Participants were recruited from the population of Clemson University and surrounding areas for two different studies [2, 12]. The first study evaluated bite counter records in a free-living population against self-reported intake (FREE-LIVING) . The second study compared bite counter records with actual energy intake recorded in a cafeteria setting (CAFETERIA) . Both studies were approved by the Clemson University Institutional Review Board.
Detailed information on the original study was previously published . Seventy-seven participants (age = 32.5 ± 12.4 y; BMI = 26.7 ± 5.9 kg/m2; 39 females, 38 males) with no history of eating disorders were told that the purpose of the study was to investigate if a new device could estimate the amount of food eaten during meals. History of eating disorder was determined by asking each participant the question: “Do you have a history of eating disorders (e.g., anorexia, bulimia)?” The participants self-reported yes or no. Each participant wore the bite counter for 14 days to obtain bite data for a total of 2975 meals (an average of 2.76 meals per person per day).
Subjects were asked to wear the bite counter continuously unless they were engaging in activities that could damage it, such as taking a shower. The bite counter recorded meal duration in seconds and the bite counts per second per meal. Participant intake was not guided and they freely consumed meals and snacks as part of their daily routine. The wrist-worn bite counter was returned to the study site for download and recording of the data.
Additional study details have been previously published . Participants with self-reported eating disorders were excluded from the study. Participants ate in a cafeteria on campus at Clemson University seated at a single, four-person customized table. The table was equipped with scales underneath place settings for monitoring weight changes, wrist-worn sensors for detecting bites, and cameras mounted in the ceiling that recorded videos of each meal. The participants were made aware of each recording device. The participants were allowed to select from a wide variety of meals (approximately 380 foods and beverages) in a cafeteria setting, which they self-selected and consumed while wearing the bite counter. A few of these items were available for nearly every session; these included all beverages, ice cream, pepperoni pizza, cheese pizza, hamburgers/cheeseburgers, shoestring French fries, chicken sandwiches, sandwich-bar sandwiches, and salads. The rest of the items, with some recurring once or twice, largely varied day to day. The participants were instructed to eat as much as they liked. A record was kept of all of the food items available for each day and time of the study.
Participants ate in groups of up to four and were allowed to schedule sessions with friends if they wished. Of the original sample of 280 participants, 44 ate with someone they knew. Four participants could not always be recruited for a single session: 136 ate in groups of four, 93 in groups of three, 46 in pairs, and 5 participants ate alone. As there was only one instrumented table in the cafeteria, participants always ate with their assigned cohort.
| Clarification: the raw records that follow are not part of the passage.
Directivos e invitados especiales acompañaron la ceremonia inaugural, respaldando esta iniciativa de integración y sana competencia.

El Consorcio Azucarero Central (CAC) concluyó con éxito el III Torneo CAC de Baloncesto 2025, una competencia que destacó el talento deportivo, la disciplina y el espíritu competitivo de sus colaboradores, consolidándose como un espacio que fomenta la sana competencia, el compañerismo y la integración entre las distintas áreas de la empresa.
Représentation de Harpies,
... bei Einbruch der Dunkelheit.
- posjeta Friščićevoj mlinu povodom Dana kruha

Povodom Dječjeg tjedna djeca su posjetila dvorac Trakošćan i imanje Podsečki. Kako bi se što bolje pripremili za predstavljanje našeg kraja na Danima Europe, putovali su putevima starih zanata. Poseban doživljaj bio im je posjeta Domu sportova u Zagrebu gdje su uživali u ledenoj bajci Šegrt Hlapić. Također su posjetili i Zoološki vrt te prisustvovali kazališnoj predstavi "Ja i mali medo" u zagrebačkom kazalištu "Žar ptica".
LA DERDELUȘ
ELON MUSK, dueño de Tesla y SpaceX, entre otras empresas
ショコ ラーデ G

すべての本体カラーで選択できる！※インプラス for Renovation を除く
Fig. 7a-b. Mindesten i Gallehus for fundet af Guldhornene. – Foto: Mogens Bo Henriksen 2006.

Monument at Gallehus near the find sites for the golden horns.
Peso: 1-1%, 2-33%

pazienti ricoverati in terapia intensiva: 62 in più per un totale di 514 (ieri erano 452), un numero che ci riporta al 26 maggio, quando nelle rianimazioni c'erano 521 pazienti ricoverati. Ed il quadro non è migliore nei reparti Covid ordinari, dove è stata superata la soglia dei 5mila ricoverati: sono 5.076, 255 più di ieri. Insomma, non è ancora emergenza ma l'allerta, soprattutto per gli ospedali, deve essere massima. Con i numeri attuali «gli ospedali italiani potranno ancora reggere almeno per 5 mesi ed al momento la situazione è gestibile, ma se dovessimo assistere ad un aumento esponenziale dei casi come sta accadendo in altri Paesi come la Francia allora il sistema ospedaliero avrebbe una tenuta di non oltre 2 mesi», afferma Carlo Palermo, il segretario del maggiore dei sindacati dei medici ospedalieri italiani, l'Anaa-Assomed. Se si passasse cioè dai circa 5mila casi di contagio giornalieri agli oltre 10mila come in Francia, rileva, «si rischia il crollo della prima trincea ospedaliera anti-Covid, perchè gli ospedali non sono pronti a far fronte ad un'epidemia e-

Energy intake (kcal) in the CAFTERIA participants was determined using a validated visual method [13, 14]. Food items selected by each individual participant were first identified from video footage. The selected portion of each food item was defined as a percentage of the reference serving size of the food item. The percentage of the selected portion of each food item consumed by each participant was then visually estimated by three raters. Energy intake (kcal) for each food item was calculated by multiplying the calorie content of the selected food item by the percentage of the reference portion selected and the percentage of the selected portion consumed which accounted for plate waste.
Of the original sample of 280 participants, 66 were absent from the final analysis due to data recording errors and outlier analysis for caloric intake and bite count. A reference database of 214 participants (age = 30.0 ± 12.1 y; BMI = 25.4 ± 5.6 kg/m2; 114 female, 100 male) containing simultaneous measures of total bite counts, total energy consumed per meal, meal duration, age, gender, and body mass index (BMI) was analyzed for this study.
All statistical analysis was performed in the statistical software SPSS (IBM, Armonk, NY 2012). The BMI-bite count/min plots were developed in Microsoft Excel (Seattle, WA 2011).
In the FREE-LIVING study, the number of meals was substantial (2975 meals) and varied across participants. Secondary data analysis was performed. In order to collapse data while ensuring integrity of results, analysis was performed by aggregating bite count rate information for each participant as average bite counts (bite count/min) over 14 days. Linear regression was conducted to test whether bite count rate (bite count/min) increased as a function of body mass index (BMI) or body weight. Linear regression was also performed to identify relationships between body mass index (BMI) and eating duration for both FREE-LIVING and CAFETERIA in Microsoft Excel (Seattle, WA, 2011).
In the CAFETERIA data, average bite count rates per individual were computed by averaging total bite counts over meal duration (bite count/min). In order to determine whether longer meal durations were related to higher energy intake, linear regression analyses examing relationships between meal duration and energy intake were performed. This analysis was only conducted in the CAFETERIA data because only the CAFETERIA study had objectively measured energy intake.